Hong Kong stocks rose more than one percent on Tuesday following strong results from HSBC although weak China plays and fund flow worries took the shine off the wider index.
HSBC Holdings Plc, which accounts for one third of the Hang Seng Index weighting, gained 2.61 percent to HK $118 after posting forecast beating first half results late on Monday.
The bank, the world's third largest bank by market value, also said it will sign a deal later this week to buy a stake in China's fifth largest lender, Bank of Communications.
Several investment banks raised their ratings on HSBC and traders are raising their target price on the stock. "A lot of institutions are buying HSBC and the shares should rise to HK $130," said Francis Lun, general manager at Fulbright Securities. The blue chip Hang Seng Index ended up 1.28 percent, or 155.73 points, at 12,357.12.
Volume was above recent averages, with HK $14.25 billion (US $1.8 billion) changing hands.
However, weak overseas markets - hurt by a further rise in oil prices - capped gains along with fund flow worries.

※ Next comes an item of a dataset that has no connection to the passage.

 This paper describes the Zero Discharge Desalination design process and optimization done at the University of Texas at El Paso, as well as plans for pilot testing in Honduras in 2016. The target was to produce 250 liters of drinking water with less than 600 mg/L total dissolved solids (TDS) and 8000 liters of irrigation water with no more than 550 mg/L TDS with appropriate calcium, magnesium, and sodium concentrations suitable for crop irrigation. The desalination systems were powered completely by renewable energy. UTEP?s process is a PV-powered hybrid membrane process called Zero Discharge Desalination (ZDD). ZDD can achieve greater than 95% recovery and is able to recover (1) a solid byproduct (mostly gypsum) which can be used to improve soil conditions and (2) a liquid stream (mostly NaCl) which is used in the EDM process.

Hong Kong investors have watched foreign funds leave Hong Kong since a spike late last year when a flood of money entered thanks to a weak US dollar and a slew of China IPOs.

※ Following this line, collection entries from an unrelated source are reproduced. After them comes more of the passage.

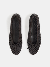 Regency Slipper in chocolate woven leather with a bow detail, and cushioned calf leather insole. 8mm heel. Made in Italy.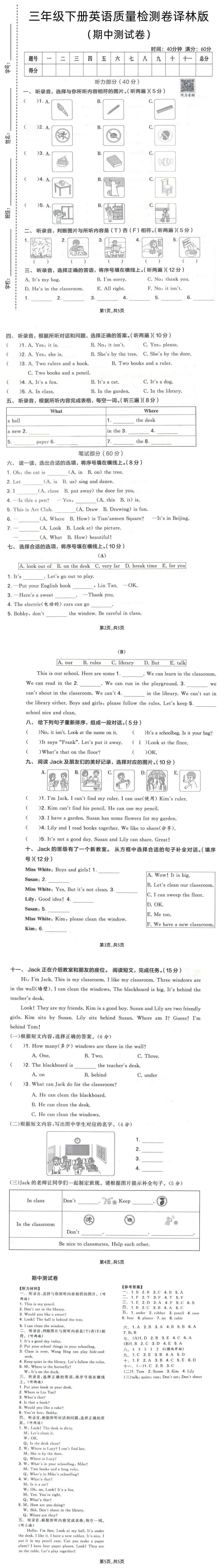 26春英语译林版三四五六年级下册《期中测试卷》多套 电子版可下载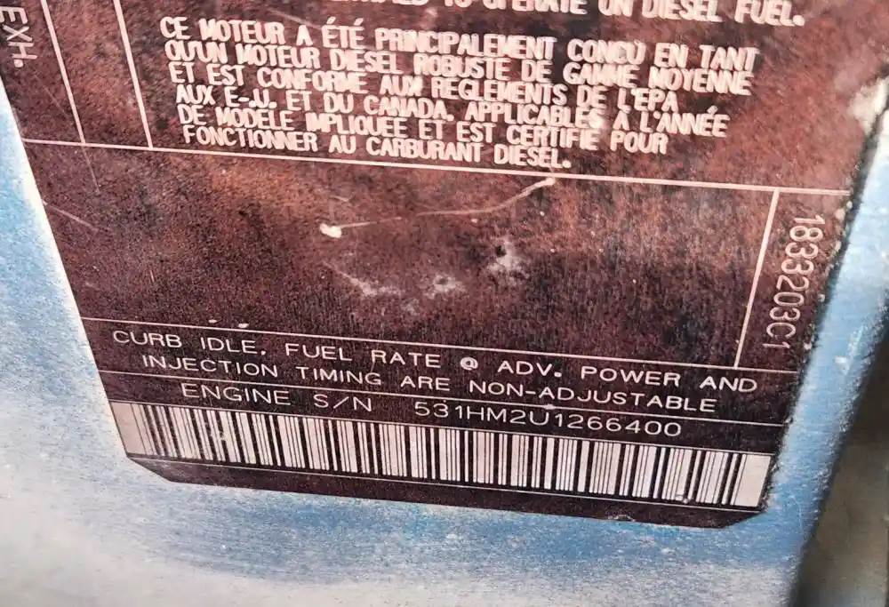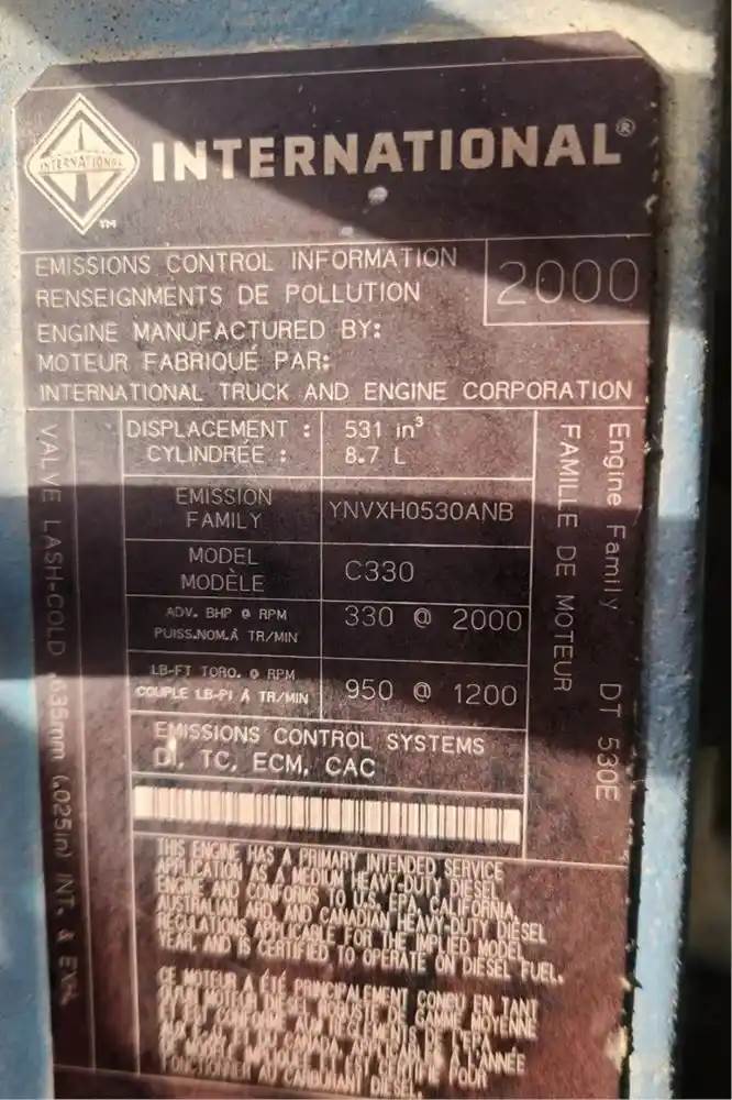 (Used) 2000 International C330, ENGINE ASSEMBLY- Family Number: YNVXH0530ANB, Displacement: 8.7L, Horsepower: 330, Serial Number: 531HM2U1266400, Part Number: 1833203C1, E.C.S: DI, TC, ECM, CAC, For more information about this item, give us a call. We ship Worldwide! (CRG HEAVY TRUCK PARTS) 929 W PULASKI HWY ELKTON, MD 21921, Serial#: 531HM2U1266400, Horse Power: 330, Casting#: 531HM2U1266400

HSBC's local affiliate Hang Seng Bank surged 2.53 percent to HK $101.50 after it reported a better than expected 24 percent rise in first half profits as it cut reserves for bad debts. But other banking stocks fared badly.
Bank of East Asia Ltd, the city's fifth-largest lender, tumbled 3.03 percent to HK $20.80 after reporting weaker than expected first half earnings on Friday. The shares have been the worst performing stock in the Hang Seng over the past five days, falling over six percent.
BOC Hong Kong (Holdings) Ltd, the Hong Kong arm of the Bank of China, ended flat at HK $13.30 after it said late on Monday it had suspended two of its senior executives for alleged unauthorised distribution of assets and that the company was assisting in an investigation by HK authorities.
Henderson Land Development Co Ltd, which owns the new high rise development called Grande Promenade, was a top performing property blue chip, up 1.48 percent to HK $34.30.
China enterprise shares, better known as H-shares, fell nearly one and a half percent to 4,241.60 with major raw material stocks leading the losers.
Aluminium Corp of China Ltd (Chalco), fell 7.5 percent to HK $3.70 after the firm said it had cut alumina spot sales price by 12.8 percent to 3,750 yuan (US $453) per tonne. China carmaker Brilliance China Automotive Holdings Ltd, the Chinese partner of BMW AG, slipped 5.03 percent to HK $1.70 despite posting an announcement that its four executive directors had not resigned, in a denial of Chinese newspaper reports on Monday.